Sacconaghi points out in a research note on Tuesday that Apple was spending just 2.2% of revenue on research and development, “dramatically below peers,” when CEO Tim Cook succeeded Steve Jobs in 2011. It has been moving aggressively to catch up ever since.

R&D growth has outstripped revenue growth by a factor of three since 2012 and now amounts to 7% of revenue. But Sacconaghi says that Apple, nonetheless, continues to underspend peers and he thinks comparisons with rivals argue for spending 10% or more of sales on research and development.

Meanwhile, he notes that Apple has spent just 2% of free cash flow on mergers and acquisitions since 2012, versus the 25% of free cash that peers spent on deals. He notes that in the period from 2012 through 2019, Apple generated $436 billion in free cash flow, and spent just $6.9 billion on deals, choosing instead to return most of that to shareholders in the form of buybacks and dividends.

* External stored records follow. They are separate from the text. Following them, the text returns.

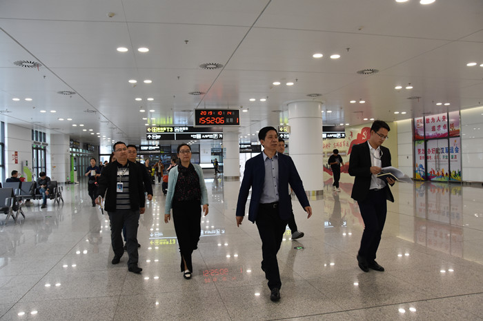 陳順平一行實地察看了天河機場交通中心旅客集散大廳、商務會議中心、社會停車場等,他指出,作為華中地區(qū)首個綠色換乘綜合中心,天河機場交通中心承擔著航空、城際鐵路、地鐵、公路長途、公交、出租車、社會車輛等7種交通方式的無縫立體換乘的樞紐功能,在軍運會期間肩負著迎來送往的服務保障任務,是讓國內外旅客感受武漢城市“微笑”、觸摸武漢城市“溫度”的重要窗口。他要求,交投集團天河機場交通中心項目全體員工進一步提高政治站位,統(tǒng)一思想,充分運用“不忘初心,牢記使命”主題教育成果,扎實開展各項工作;進一步嚴格落實責任分工,協(xié)調聯(lián)動,合力加大排查力度,確保各項工作萬無一失;進一步加強應急、安保能力建設,組織開展培訓演練,深入開展服務保障人員業(yè)務培訓,確保服務熱情高效,高質量完成軍運會期間各項工作任務。
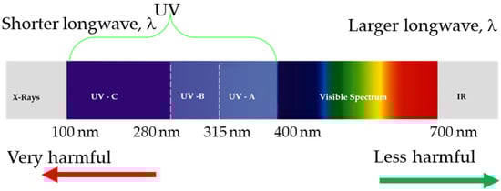 What we call ultraviolet light (UV) is the wavelength portion of the electromagnetic spectrum between 100 and 400 nm approx., as depicted in Figure 1. The UV range is divided into three parts: UV–A (315–400 nm) is the least harmful for humans, while UV–B (290–315 nm) causes sunburn, increases the risk of skin cancer, and consequent cellular damage. About 95% of all UV–B light is absorbed by the ozone in Earth’s atmosphere, and UV–C (100–290 nm) is harmful but is almost completely absorbed by Earth’s atmosphere.
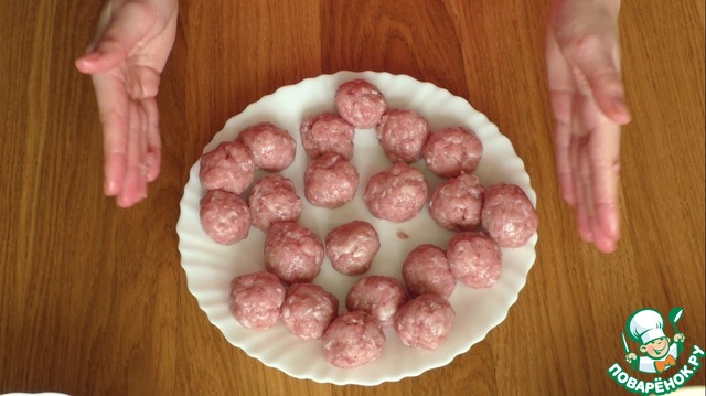 Пока вода закипает, займитесь приготовлением фрикаделек. Для этого, посолите и поперчите фарш по вкусу и слепите из него фрикадельки. -
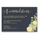 Cartões de alojamento para casamentos, com flores amarelas e texto personalizável impresso em fundo escuro
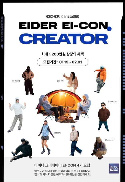 모집 기간은 1월 19일(월)부터 2월 1일(일)까지이며, 총 20팀의 아웃도어·라이프스타일·AI 활용 크리에이터를 선발한다. 지원은 네이버 포털에 '아이더’를 검색한 후 '크리에이터 모집’ 페이지를 통해 가능하다. 인스타그램 및 유튜브에서 활동 중이며 월별 미션을 성실하게 수행할 수 있고, 2월 13일 발대식과 6월 20-21일 예정된 해단식에 참석 가능한 이들이라면 누구나 지원할 수 있다.
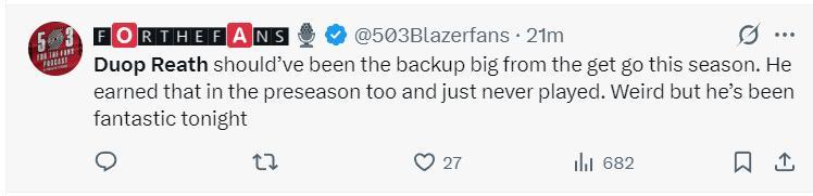 開拓者媒體:杜普-里斯本該從新賽季一開始就擔任主力替補的,他季前賽已經充分證明了他有這個實力,但一直沒有得到機會,這很奇怪。不過他這場終於得到機會且發揮很出色。
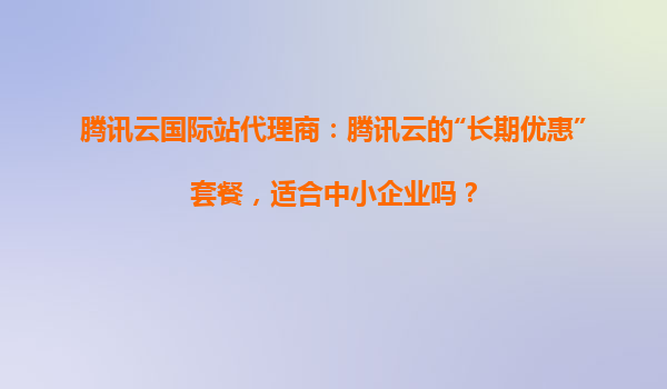 騰訊云國際站代理商:長期優(yōu)惠套餐是否適合中小企業(yè)?
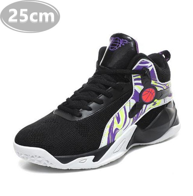 - メンズ スニーカー ブラック 25.0cm 靴 シューズ 防滑 バスケットシューズ 通勤 通学 旅行 【238】
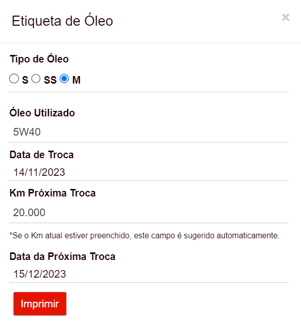 Clicando sob o ícone será aberto a tela [Etiqueta de Óleo] para conferencia dos dados a serem impressos e também para Imprimir a etiqueta, caso existe um item devidamente configurado na [R130 - Itens ] conforme citado anteriormente nesta base de conhecimento será sugerido as informações já preenchidas.
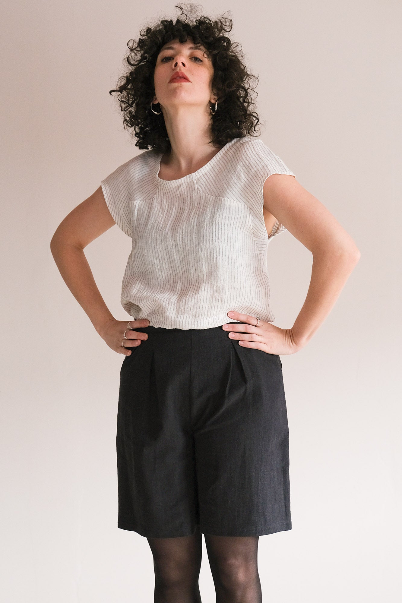 Structured yet comfortable, the Lucina Bermuda Shorts are made from sustainable, breathable ramie. Front pleats and a straight waistband with back elastic and invisible zipper ensure a flattering and comfortable fit, making them perfect for city strolls or relaxed warm-weather moments.
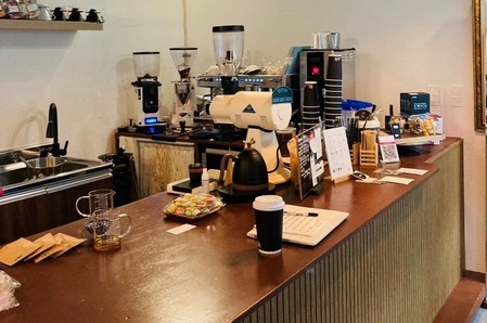 | ▲ 온고지신 바 카운터. 에스프레소 머신과 온고지신 로고가 새겨진 우드 사인이 조화를 이루고 있다. (사진 = 이경희 기자 / 소상공인포커스 DB) |
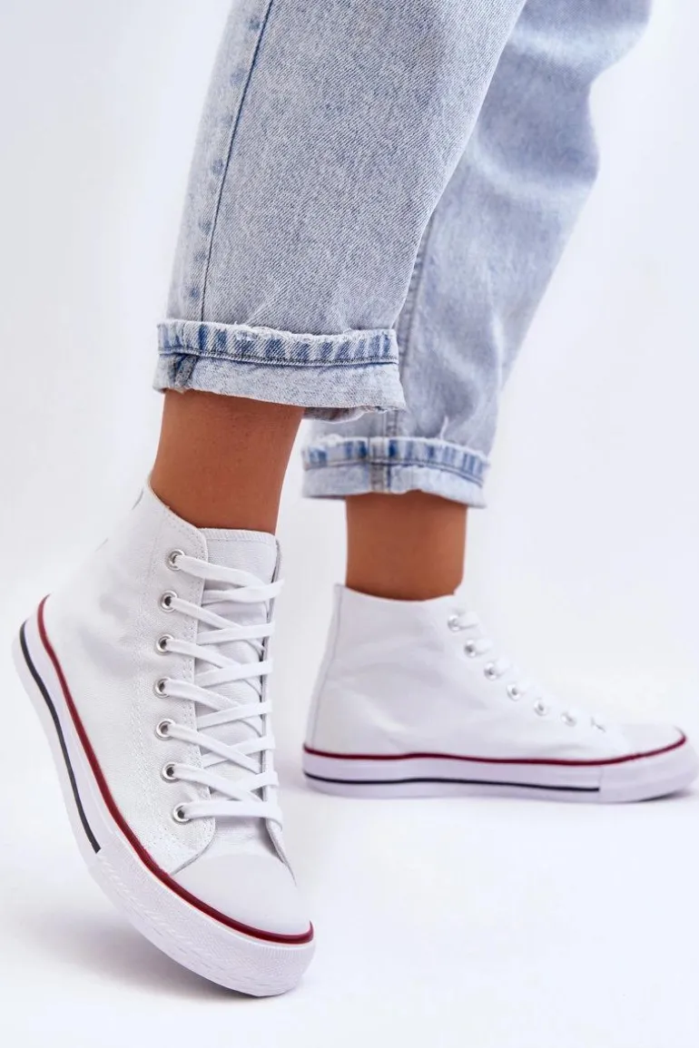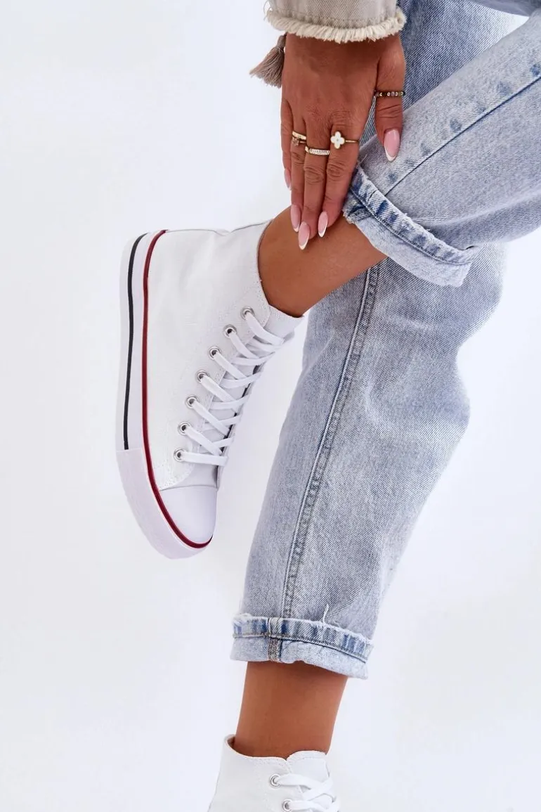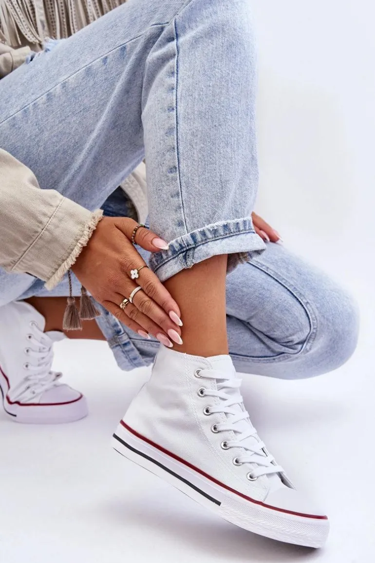 Damskie Trampki Klasyczne Wysokie Białe Remos

“While share repurchases have historically been an effective use of cash and enabled Apple to grow EPS, we worry about potential parallels with IBM, who we believe underspent on innovation and overspent on buybacks, when it should have been reinventing itself amidst slowing product and services growth as computing moved off-premise,” Sacconaghi writes.

“The combination of low R&D spending and low M&A suggests that Apple may still be ‘underinvesting’ in innovation versus its peers,”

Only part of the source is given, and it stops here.